Trade in tiger products has been banned in China since 1993, but the number of wild tigers in the country – currently estimated at about 50 – has continued to decline. And China has indicated it hopes to lift the ban at some future point, even going as far leading an effort to remove language from the January declaration that would have called for maintaining the permanent ban on trade in tiger products.

One way in which this trade is still being fed today is through tigers from tiger farms. Tiger farms are found in China, Laos, Thailand and Vietnam. The farms in China are estimated to house about 5,000 cats, nearly twice the global wild population.

There are fears that wild tiger parts sometimes infiltrate farmed tiger markets, but the problems with farms go deeper than that.

Varma said the Bank opposes tiger farms and commercial exploitation and breeding of tigers in part because “once this becomes a business, it can have a negative effect on world markets by expanding demand [for tiger products].”

He also pointed to the threats posed by urbanisation. “This is not just a conservation issue,” Varma said.

Sybille Klenzendorf, director of WWF-U.S.’s Species Conservation Programme, said tigers currently live on only seven percent of their native range and that this range exists in isolated pockets that cut off one population from the others.
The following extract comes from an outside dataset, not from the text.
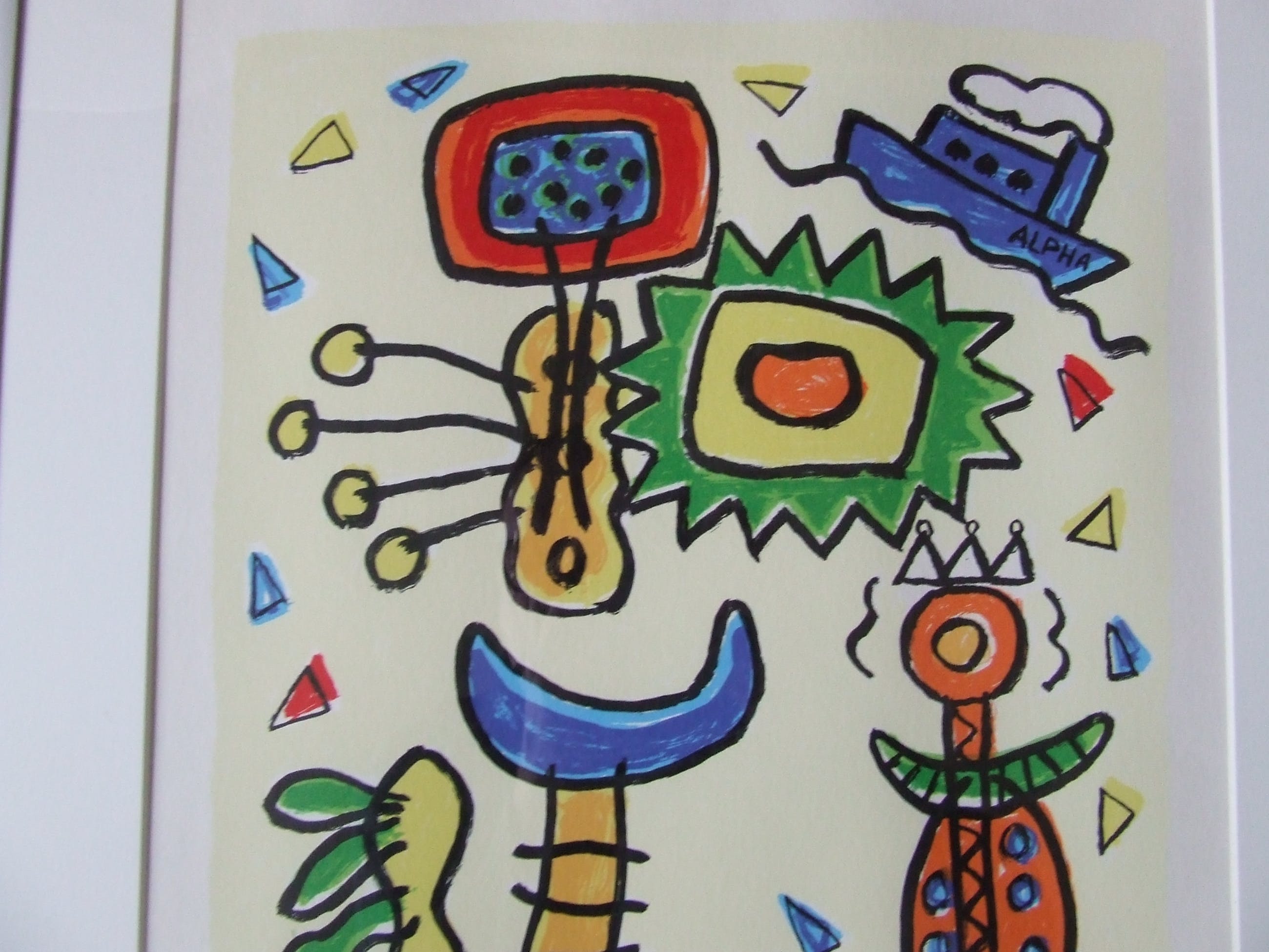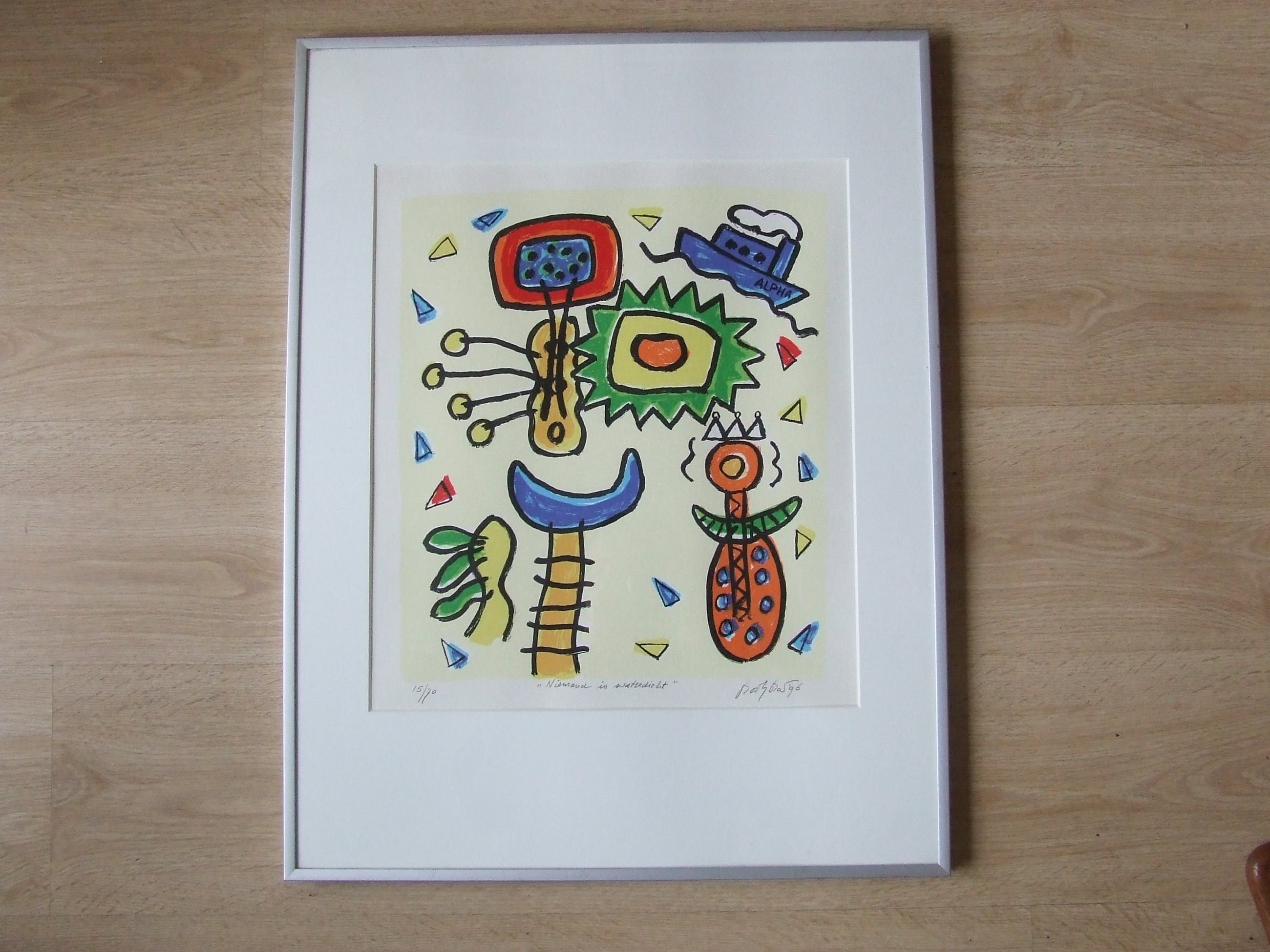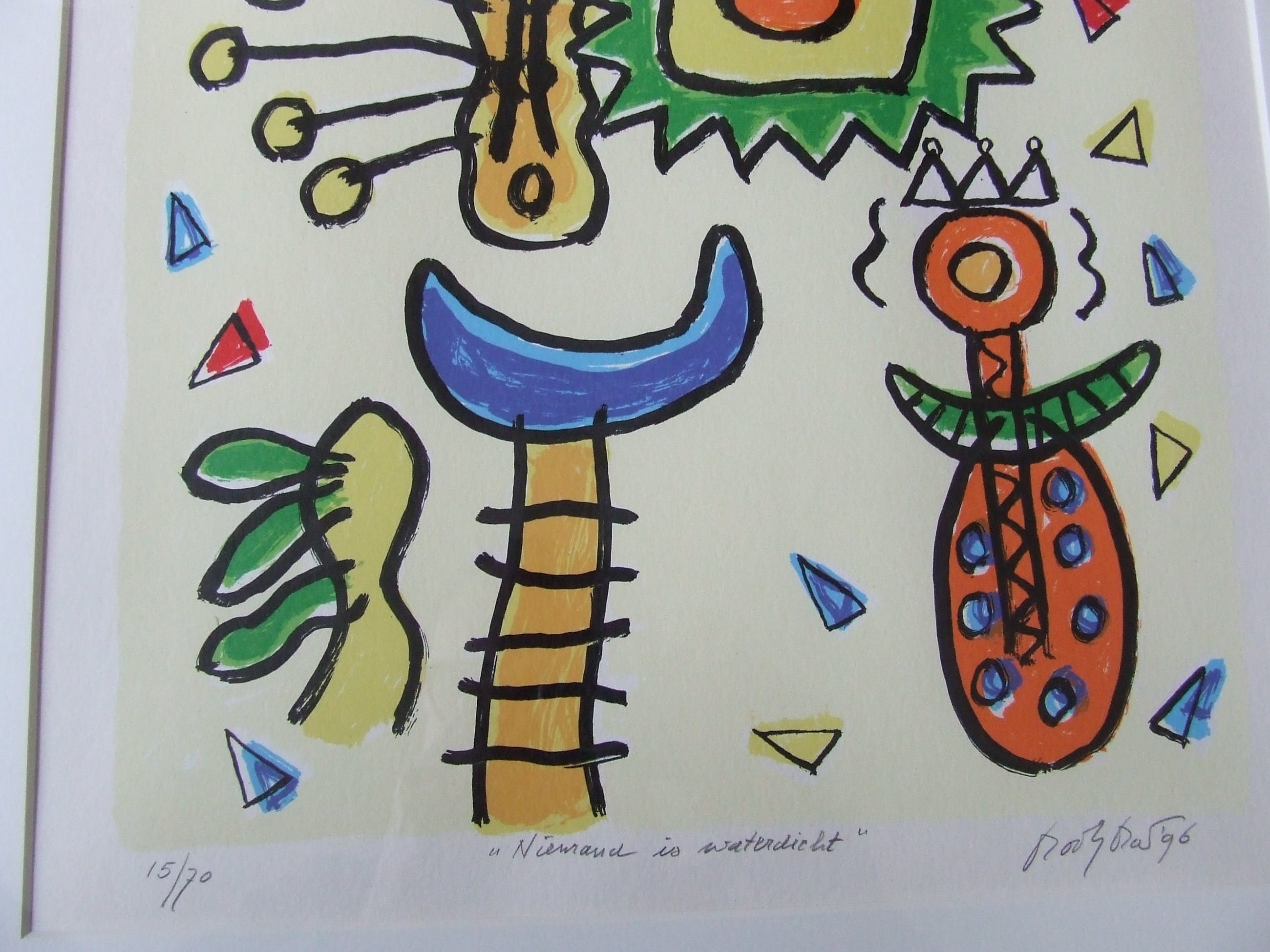 Leuke litho in lijst met passepartout van Keimke Kootstra. Getiteld: 'Niemand is waterdicht' In mooie aluminium lijst. Rechtsonder gesigneerd 'Kootstra '96' Linksonder voorzien van de oplage nummer. 15/70 In het midden staat de titel.

Varma said the Bank wants the pockets of wilderness that do remain to be valued. “These pockets are really under huge pressure,” and the Bank can help countries realise the value of these pockets and partner with them to help preserve tiger habitat, he said.

In the U.S., there are some 5,000 tigers in captivity, largely in private hands rather than zoos, according to TRAFFIC’s Allen. The WWF says only six percent of tigers in the U.S. live in accredited zoos, while the rest fall under the regulations of the U.S. Department of Agriculture, states or “virtually no regulation at all.”

Sixteen states allow keeping tigers, but have some regulations, but nine do not regulate the keeping of tigers at all, said Allen. He said Texas seems to have largest number of tigers in captivity. The state does have regulations, he said, but “it seems they are not being enforced.”

The main difficulty in getting a handle on the extent of captive tigers in the U.S. is that it is so difficult to determine how many tigers are actually kept in captivity in the country, he said.

Back in Asia, estimates put the number of tigers in the wild during the last Year of the Tiger – 1998 – between 5,000 and 7,000. Conservation groups will pounce on the fact that zodiac sign has rolled around again to make a major push at turning around the decline that has seen the population halve in 12 years.

“As many Asian countries are getting ready to celebrate the Year of the Tiger, conservationists are unfortunately not so joyful,” said WWF’s Klenzendorf.

But tigers are a very adaptable and resilient animal, so there is still hope, she said. “Tigers can recover in a very fast time if we solve what’s wrong…there’s lots to do and by saving tigers we save ourselves and so much more.”